Lectins of B. cenocepacia: the BC2L family

As mentioned earlier, lectins are key actors in cell adhesion leading to infection and have proven to be interesting anti-adhesion and combination therapy targets. A prime example of these notions is how inhibiting the soluble lectins of P. aeruginosa with drug-like glycomimetics has led to biofilm disruption and enhanced susceptibility to antibiotics. (Sommer et al., 2018)
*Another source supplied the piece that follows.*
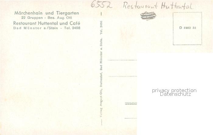 73694581 Bad Muenster Stein Ebernburg Maerchenhain Restaurant Huttental postalisch nicht gelaufen Erhaltung siehe scans [FriedD77] KatCode: 11110007133007

Connecting the dots between B. cenocepacia and P. aeruginosa is simple: both hold the same characteristics as MDR opportunistic pathogens, target the same populations, are considered critical lung pathogens, and have been extensively studied through the lens of CF-related research. Moreover, both have similar bio-machinery to establish chronic infection: they rely on quorum sensing, adhesion, phenotypic adaptation, biofilm formation and resistance to therapy. Therefore, screening the genome of B. cenocepacia and other BBC strains for putative lectins using P. aeruginosa’s heavily studied lectins as a template can be considered a reasonable venture. The search thus conducted identified four homologs of lecB on B. cenocepacia strain J2315. (Lameignere et al., 2008) The homologs were called BC2L(-A, -B, -C and -D). There are three genes in chromosome 2, coding for putative lectins A to C, and a final gene on chromosome 3, coding for putative lectin BC2L-D. Although a frameshift invalidated the gene coding for BC2L-D, it was valid in other strains.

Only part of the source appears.